Part two of our blog series containing advice for employers dealing with disciplinary proceedings. Should you take historical disciplinary warnings into account when deciding to dismiss?

There’s nothing we hate more than being the bearers of bad news, especially when it comes to telling employers who’ve dismissed blatantly guilty employees that they’re exposed to potentially valid unfair dismissal claims. However, we often are and so it makes sense for us to set out the main reasons why in the hope that we don’t have to hold the receiver away from our ears for fear of deafness as much in future. We’ll do this in a series of blog posts over the course of the next couple of weeks, covering a different reason in each post. Of course, if you’re an employer and would like to discuss any of the issues touched on in these posts, please contact one of our HR consultants in confidence and without delay for some initial advice free of charge and without obligation.

Next up is the occasional over-reliance that employers place on historical disciplinary warnings when deciding to dismiss. There have been a few cases on this point in recent years, a couple of which are referred to below.
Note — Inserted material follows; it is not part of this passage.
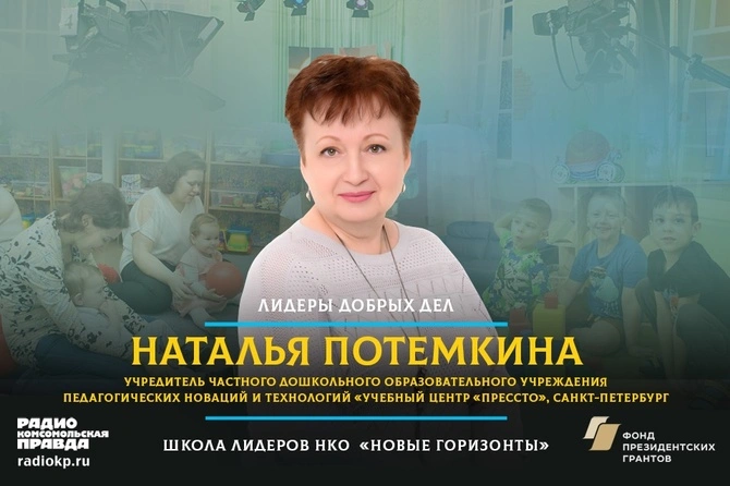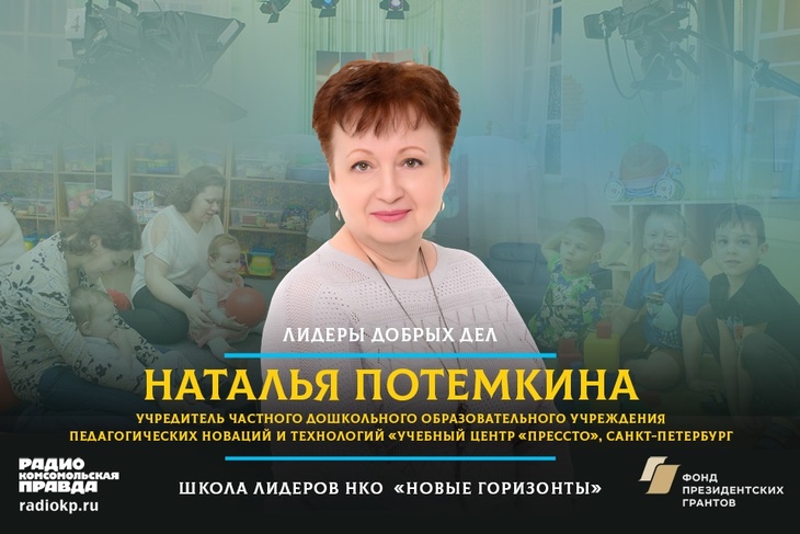 В эфире Радио «Комсомольская правда» генеральный директор частного дошкольного образовательного учреждения педагогических новаций и технологий «Учебный центр «Прессто» из Санкт-Петербурга, лауреат всероссийской премии «Страну меняют люди», председатель педагогического совета учреждения и разработчиком инновационной образовательной программы «Личность» Наталья Потемкина.

In Wincanton Group v Stone, the EAT clarified the extent to which a tribunal considering the fairness of a dismissal by virtue of incremental disciplinary action, could scrutinise the fairness of the warnings on which that dismissal was based. The case concerned a driver who was dismissed on the grounds of conduct following a serious accident and also because he had a pre-existing written warning for a different type of disciplinary offence. The judgment provided guidance to tribunals dealing with dismissals that involve previous disciplinary warnings and emphasised the need for reasonableness under Section 98(4) of the Employment Rights Act 1996. It stated that tribunals should:


  1. take into account the earlier warning;
  2. take into account any proceedings that may have affected the validity of an earlier warning (e.g. an internal appeal);
  3. consider what regard the employer had for any such challenge before taking the decision to dismiss; but
  4. avoid “going behind” earlier warnings by considering their validity, unless satisfied that it’s appropriate to do so.


Regarding the last point, the judgment clarified that tribunals would not be “going behind” a warning by having regard to the factual circumstances that gave rise to it, e.g. considering whether the type of conduct that was the subject of an earlier warning was similar to that which gave rise to dismissal and the consistency of the employer’s approach to such situations.

In the case of Simmonds v Milford Club, the EAT reconfirmed that where employment is terminated as a result of incremental disciplinary action and a previous disciplinary sanction was inappropriate, that can be enough to render the dismissal unfair. The Claimant in that case was disciplined for giving staff a cash bonus at Christmas instead of a bottle of wine as instructed. As he was already subject to a final written warning, he was dismissed. However, the final warning related to an incident where the Claimant had asked his wife to deposit the club’s takings while he waited outside in the car they were in as he had been unable to park near the bank. In finding the dismissal fair, the tribunal had not taken account of whether the final warning had been in accordance with the club’s disciplinary procedure. The Claimant’s appeal was allowed and the case remitted to the tribunal to consider whether that warning was ‘manifestly inappropriate’, a test with a higher threshold than that which is applied to the reasonableness of a dismissal.

It’s also worth pointing out that in the Wincanton Group v Stone case, the EAT also clarified that it’s fine for an employer to aggregate disciplinary sanctions issued for different types of misconduct. This is consistent with the fact that there’s nothing in the Acas Code of Practice on Disciplinary and Grievance Procedures to suggest that similarity is required to justify a dismissal that arises from the cumulative effect of a series of disciplinary warnings. In fact, you could go so far as to say that a final written warning actually implies that further misconduct of whatever nature will result in dismissal. That said, it’s still preferable and advisable to spell this out in the disciplinary procedure and decision letters applicable to formal warnings.

Chris Nagel, Director / Head of HR at EML, comments…


“Employers often fall into the trap of thinking that because an employee is on a final written warning, dismissal on account of an accumulation of warnings is a foregone conclusion if he or she is found guilty of a further disciplinary offence. However, they should always stop and think about how appropriate and procedurally robust those prior warnings were before proceeding in this vein.”